On several occasions we have made it clear to our staff that “Chef meals” and “shift meals” are not part of the compensation package. Yet, daily we see employees carrying out food which is given to them by our chef. Let me say that we have a great Chef, but the economy is making it difficult to make ends meet. How do we stop this pilfering before it shuts us down?

To be a little more specific, the restaurant was purchased two years ago by this novice couple with no industry experience. They saw a profitable operation go south along with the rest of the casual dining segment. The question above was one of a series of issues they were requesting help with - it was the easiest to answer, but the most difficult for them to execute.

My answer:

Let me see if I can put this question in perspective;

  • You have a “great” chef helping people steal from you.
  • These thefts are keeping you from paying bills.
  • Not paying bills will put you out of business.
  • Now your “great” chef will have no job and you will have lost your investment.

Stealing, in good times or bad is still theft.
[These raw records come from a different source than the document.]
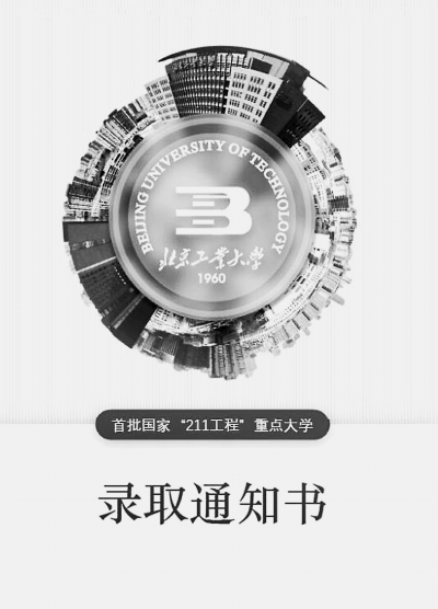 北京工業大學今年專門請來該校工業設計專業學生設計通知書。在通知書封套正面,北工大的科學樓、第二教學樓、圖書館等標志性建筑圍繞校徽呈圓形排列,遠遠看去,猶如盛放的花朵,底紋則是北工大藍顏色的豎條紋,看上去端莊素雅。今年校園開放日期間,北工大還組織了“VIP家長團”,邀請前來參觀的家長為自己的孩子寫封信留在招辦。如果孩子成功考上北工大,這封信將連同錄取通知書一同寄出,成為他考上大學后的第一封家書。
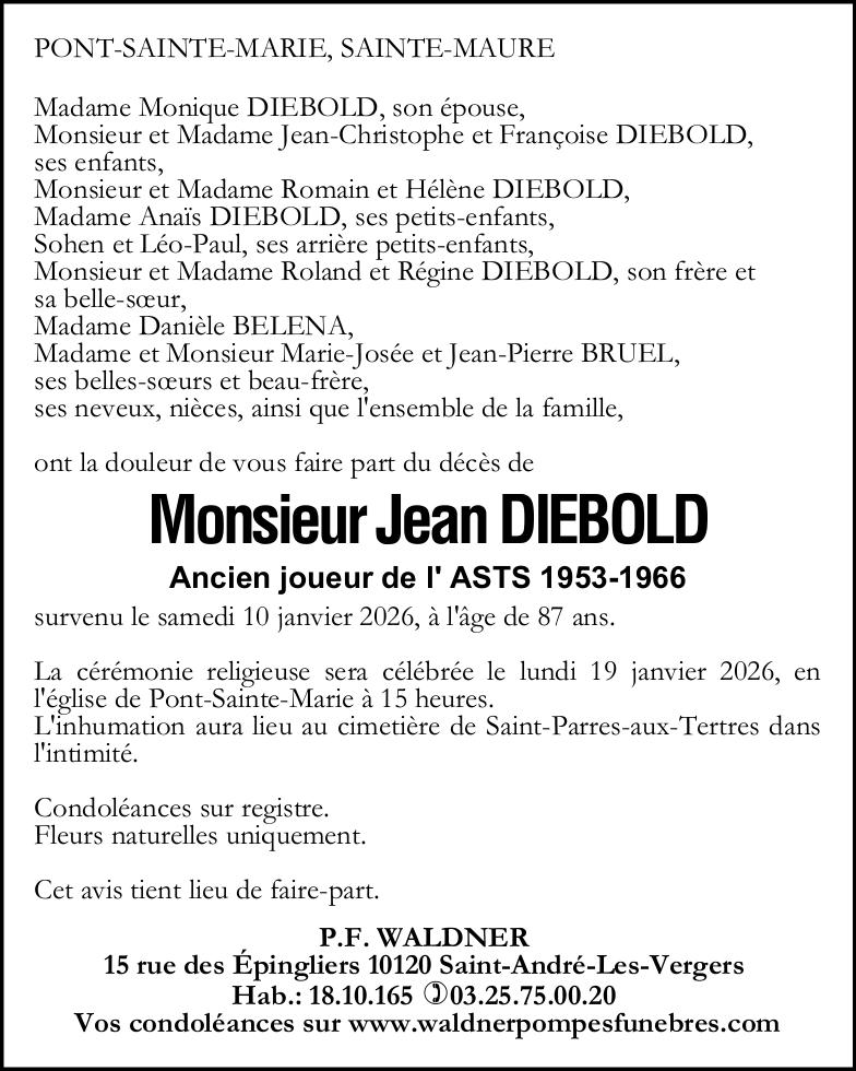 Décédé à Saint-Parres-aux-Tertres (10410) le samedi 10 janvier 2026 à l'âge de 87 ans
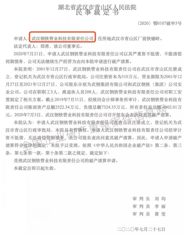 2020年7月27日-29日,繼披露4家鋼企破產(chǎn)清算后,全國(guó)企業(yè)破產(chǎn)重組案件信息網(wǎng)又公布2家鋼鐵企業(yè)的破產(chǎn)情況。
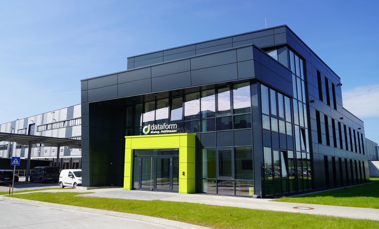 dataform has a modern logistical infrastructure with around 45,000 square meters of storage and production space, automated intralogistics with 18 picking stations, approximately 30,000 pallet spaces, and 90,000 shelf storage spaces. The company offers services along the entire e-commerce value chain: from goods receipt to order processing, packaging, shipping management, and returns processing. The fulfillment offering is complemented by a wide portfolio of dialog-oriented services, such as personalized mailings, digital printing, catalog production, postage management, and hybrid shipping solutions. For business customers, dataform also handles the entire output management of invoices, order confirmations, other business documents, and customer care services.
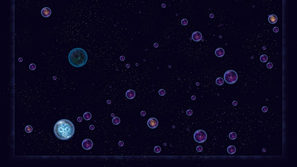 5、唯一的变量是玩家操控星球所喷出的气泡,气泡兼具两项功能:一是推动星球移动,二是能够推开周边的其他星球。借助气泡的这些功能,当玩家操控的星球接近其他星球时,便可利用惯性与气泡的推力来推开靠近自己的红色星球。
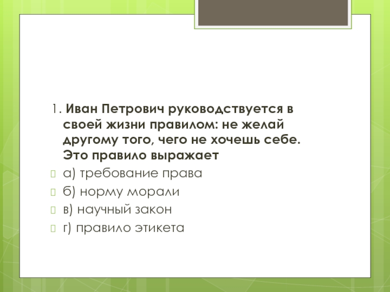 Г. Терпимость к иного рода взглядам, нравам, привычкам, культуре.
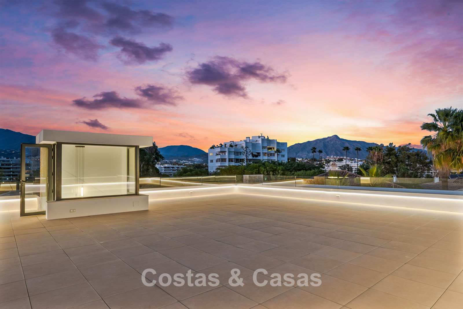 Grande terrasse sur le toit avec vue partielle sur la mer.
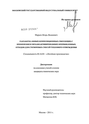 Проведение систематических исследований физико-химических свойств промышленных отходов и связующих композиций для создания на их основе стержневых смесей; разработка составов ПСС с пониженным содержанием СК.
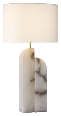 SAVOYE LARGE RIGHT TABLE LAMP ALABASTER 18" X 18" X 12" LINEN OVAL
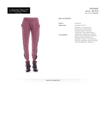 SPODNIE cena: 39 PLN art: 4-717 BORDO opis produktu Kolor: bordowy Materiał: bawełna 100 % Szczegóły: Spodnie o charakterze sportowym wykonane z przyjemnego w dotyku materiału. Na zakończeniu nogawek ściągacze. W pasie guma która powoduje idealne dopasowanie modelu do sylwetki. Model z kieszeniami. Wzdłuż nogawek szeroki pasek w kontrastowym odcieniu.
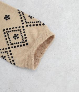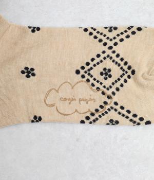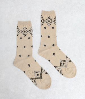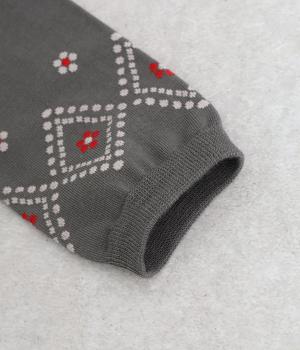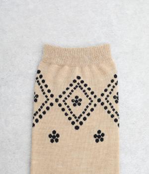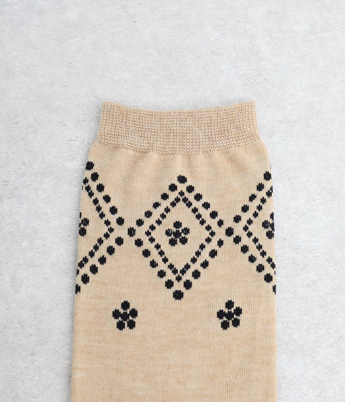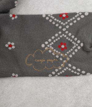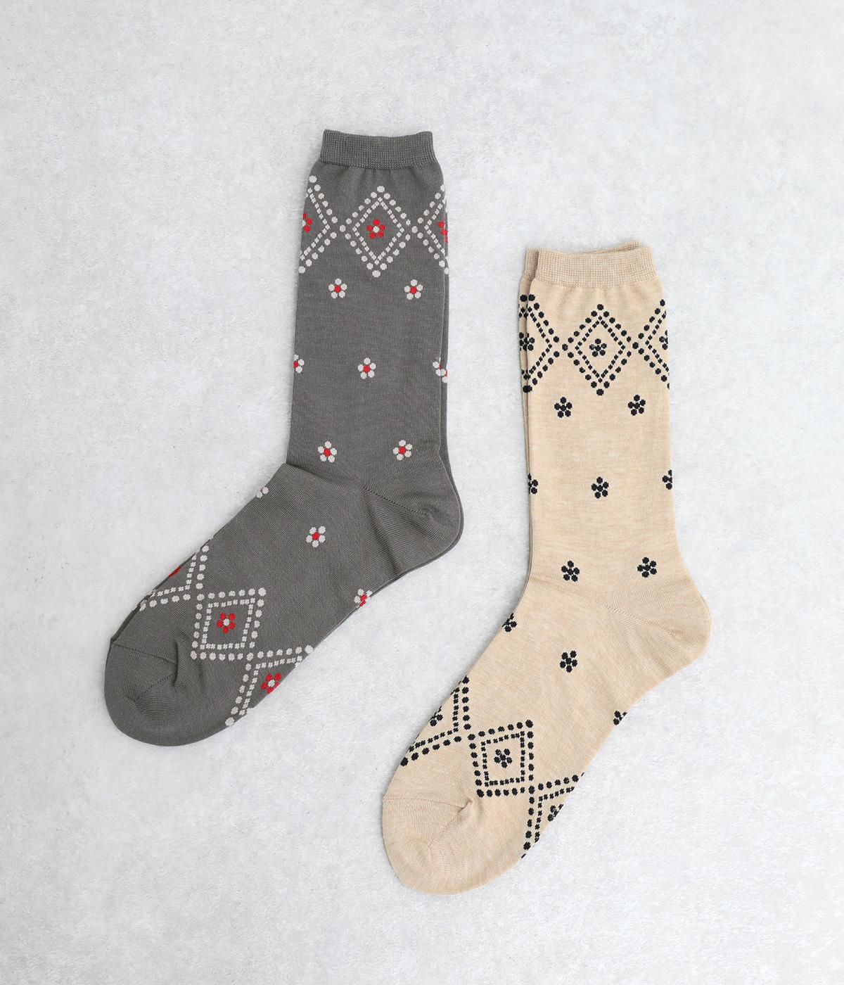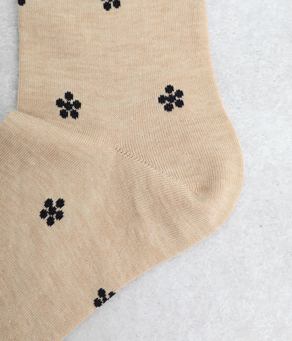 ドットで格子柄をあしらったソックス。お花のモチーフもちりばめて、エレガントな印象を与える一足に仕上げています。カジュアルなスニーカーからトラッドなレザーシューズまで、幅広い靴と相性◎。

Great chefs don’t steal or facilitate others to carry off food. For everything you see, I can wager there is twice as much you aren’t seeing. If the answer isn’t clear, we need to get you out of the restaurant business!
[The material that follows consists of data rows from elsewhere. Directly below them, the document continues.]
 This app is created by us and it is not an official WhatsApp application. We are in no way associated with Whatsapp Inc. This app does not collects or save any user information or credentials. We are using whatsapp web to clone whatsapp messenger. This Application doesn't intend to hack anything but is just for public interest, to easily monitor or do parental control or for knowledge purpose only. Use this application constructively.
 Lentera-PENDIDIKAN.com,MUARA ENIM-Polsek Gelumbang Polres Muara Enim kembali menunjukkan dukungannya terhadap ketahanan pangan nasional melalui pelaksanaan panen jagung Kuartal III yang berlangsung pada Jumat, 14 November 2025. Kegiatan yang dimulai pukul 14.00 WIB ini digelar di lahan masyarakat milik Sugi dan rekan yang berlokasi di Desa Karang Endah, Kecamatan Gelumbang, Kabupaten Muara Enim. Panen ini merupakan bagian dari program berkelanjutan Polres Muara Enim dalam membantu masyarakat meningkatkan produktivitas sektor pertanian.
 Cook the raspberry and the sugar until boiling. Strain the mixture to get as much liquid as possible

Running a restaurant is no picnic and making difficult decisions comes with territory. There are no blurring lines when it comes to many issues - theft is clearly at the top of the list. If you see grazing, unauthorized food packages, missing pieces of dessert, excessive liquor pours, inventory shortages - you can ignore it, call it something else, make excuses and have other names for it, but it is theft. It never gets better by keeping thieves on the payroll under ANY circumstances.